The Bogenbrücke (Bridge) with the chapel of St. Anton is listed as a Swiss heritage site of national significance. The entire village of Schmidigehischere and the hamlet of Fäld are part of the Inventory of Swiss Heritage Sites.

==Politics==
In the 2007 federal election the most popular party was the CVP which received 70.68% of the vote. The next three most popular parties were the SVP (19.75%), the SP (7.1%) and the FDP (2.47%). In the federal election, a total of 49 votes were cast, and the voter turnout was 41.9%.

In the 2009 Conseil d'État/Staatsrat election a total of 48 votes were cast, of which 2 or about 4.2% were invalid. The voter participation was 43.2%, which is much less than the cantonal average of 54.67%. In the 2007 Swiss Council of States election a total of 49 votes were cast, of which 2 or about 4.1% were invalid. The voter participation was 41.9%, which is much less than the cantonal average of 59.88%.

==Economy==
As of In 2010 2010, Binn had an unemployment rate of 0.2%. As of 2008, there were 11 people employed in the primary economic sector and about 7 businesses involved in this sector. 7 people were employed in the secondary sector and there were 2 businesses in this sector. 32 people were employed in the tertiary sector, with 9 businesses in this sector. There were 71 residents of the municipality who were employed in some capacity, of which females made up 39.4% of the workforce.

In 2008 the total number of full-time equivalent jobs was 39. The number of jobs in the primary sector was 7, all of which were in agriculture. The number of jobs in the secondary sector was 6, all of which were in manufacturing. The number of jobs in the tertiary sector was 26. In the tertiary sector; 2 or 7.7% were in wholesale or retail sales or the repair of motor vehicles, 18 or 69.2% were in a hotel or restaurant, 1 was a technical professional or scientist, 1 was in education.
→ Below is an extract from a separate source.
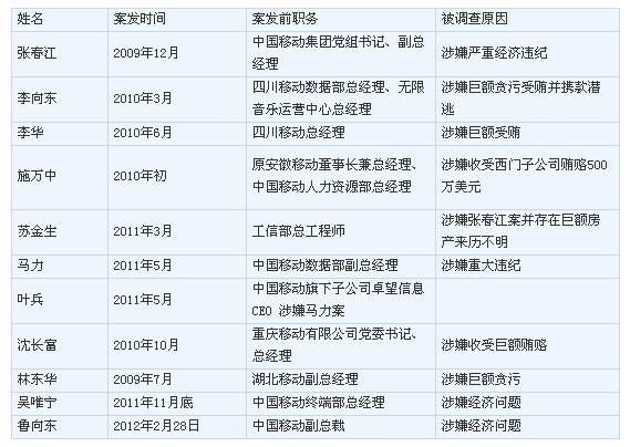 自從2009年12月中國移動原黨組書記張春江涉及第一次腐敗案開始,到如今上述天津移動高層涉案,中國移動“落馬”的管理層已經多達12人。與數據業務相關的有四川移動數據部原總經理李向東、集團原副總經理馬力以及數據部原部長、卓望控股CEO葉兵。

In 2000, there were 6 workers who commuted into the municipality and 33 workers who commuted away. The municipality is a net exporter of workers, with about 5.5 workers leaving the municipality for every one entering. Of the working population, 5.6% used public transportation to get to work, and 45.1% used a private car.

==Religion==
From the 2000 census, 135 or 87.1% were Roman Catholic, while 10 or 6.5% belonged to the Swiss Reformed Church. 5 (or about 3.23% of the population) belonged to no church, are agnostic or atheist, and 5 individuals (or about 3.23% of the population) did not answer the question.

==Weather==
Binn has an average of 109.9 days of rain or snow per year and on average receives 1085 mm of precipitation. The wettest month is October during which time Binn receives an average of 125 mm of rain or snow. During this month there is precipitation for an average of 8.2 days. The month with the most days of precipitation is May, with an average of 11.2, but with only 122 mm of rain or snow. The driest month of the year is February with an average of 70 mm of precipitation over 9.3 days.

==Education==
In Binn about 45 or (29.0%) of the population have completed non-mandatory upper secondary education, and 12 or (7.7%) have completed additional higher education (either university or a Fachhochschule). Of the 12 who completed tertiary schooling, 75.0% were Swiss men, 25.0% were Swiss women.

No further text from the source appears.